:: PROBLEM TO SOLVE ::
Copy the data exactly; pictures stay out of the copy.

:: THE DATA ::
==*==
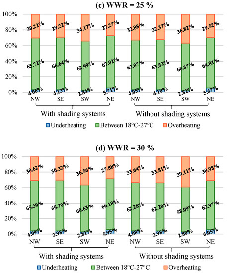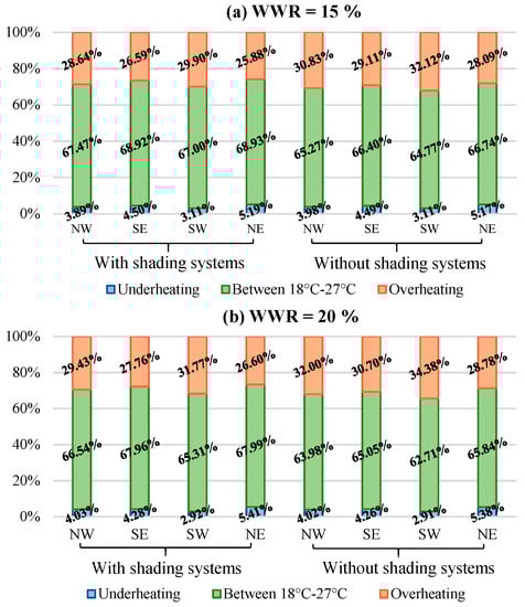 Finally, the last target of this study is to evaluate different WWR for the thermal zone under analysis according to each orientation and taking as a base the energy efficiency version of the building. Four different WWR were evaluated on each orientation, with and without the use of shading systems, and the results regarding comfort rates employing the static approach are depicted in Figure 17. It was recorded that the use of shading systems can increase by around 2.6% on average the comfort rates considering all the WWR used, being this rate higher as the WWR increases.
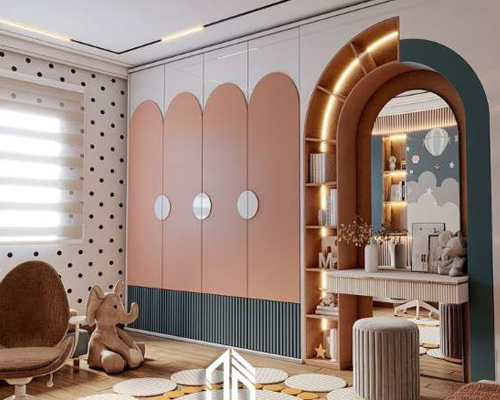 Modern Teen Girls Bedroom Design For Wardrobe and Dressing Table
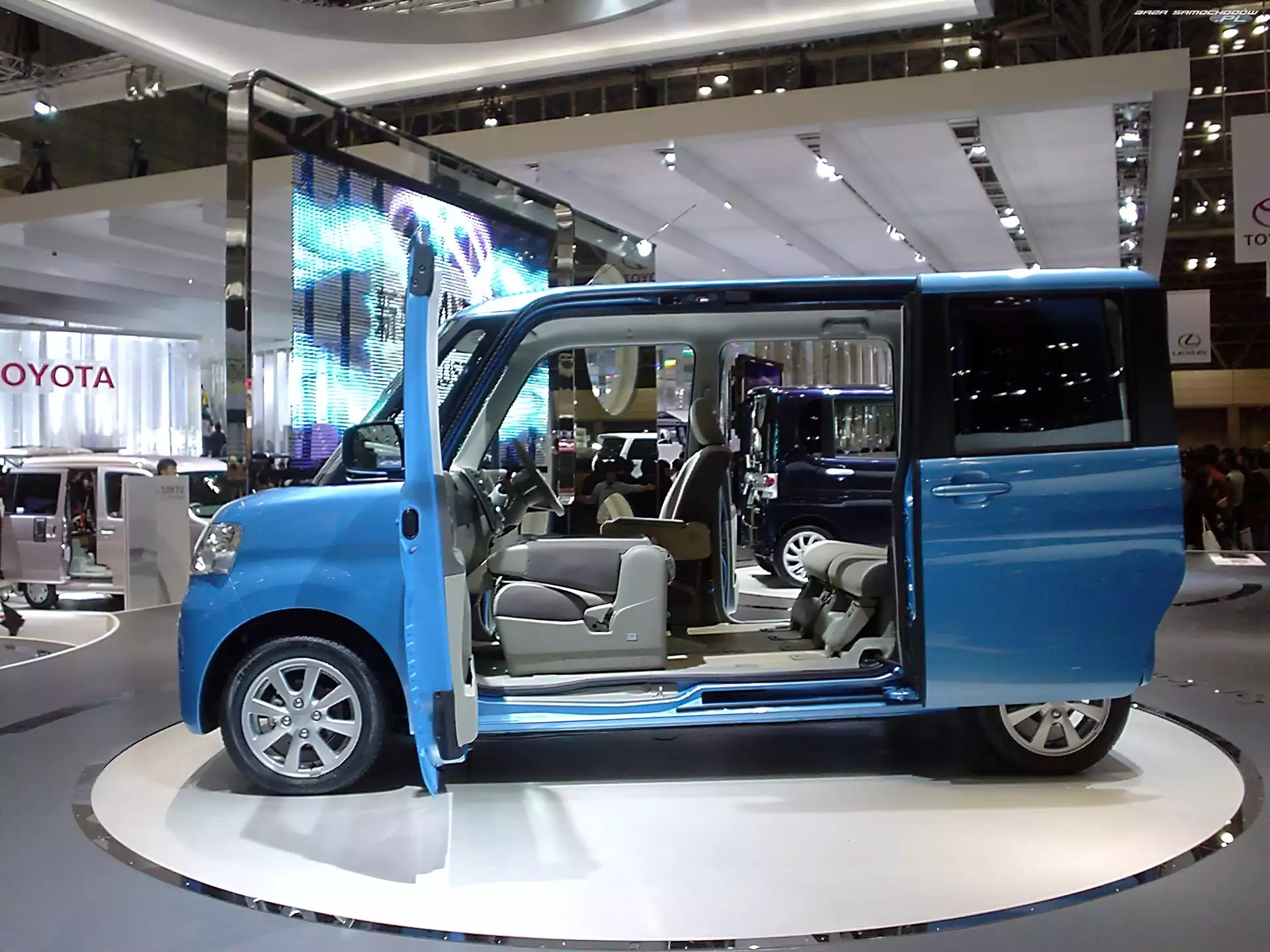 Reflektory, Błękitne, Daihatsu Tanto Daihatsu Tanto, Custom Koła, Prezentacja, Daihatsu Tanto Bagażowa, Daihatsu Tanto, Przestrzeń Lampa, Białe, Daihatsu Tanto Przestrzeń, Daihatsu Tanto, Reklamówka Dealer, Daihatsu Tanto Drzwi, Daihatsu Tanto, Rozsuwane Car, Daihatsu Tanto, Japan Zderzak, Tył, Daihatsu Tanto Pasażerska, Daihatsu Tanto, Przestrzeń
==*==
:: TASK RESPONSE ::
 Finally, the last target of this study is to evaluate different WWR for the thermal zone under analysis according to each orientation and taking as a base the energy efficiency version of the building. Four different WWR were evaluated on each orientation, with and without the use of shading systems, and the results regarding comfort rates employing the static approach are depicted in Figure 17. It was recorded that the use of shading systems can increase by around 2.6% on average the comfort rates considering all the WWR used, being this rate higher as the WWR increases.
 Modern Teen Girls Bedroom Design For Wardrobe and Dressing Table
 Reflektory, Błękitne, Daihatsu Tanto Daihatsu Tanto, Custom Koła, Prezentacja, Daihatsu Tanto Bagażowa, Daihatsu Tanto, Przestrzeń Lampa, Białe, Daihatsu Tanto Przestrzeń, Daihatsu Tanto, Reklamówka Dealer, Daihatsu Tanto Drzwi, Daihatsu Tanto, Rozsuwane Car, Daihatsu Tanto, Japan Zderzak, Tył, Daihatsu Tanto Pasażerska, Daihatsu Tanto, Przestrzeń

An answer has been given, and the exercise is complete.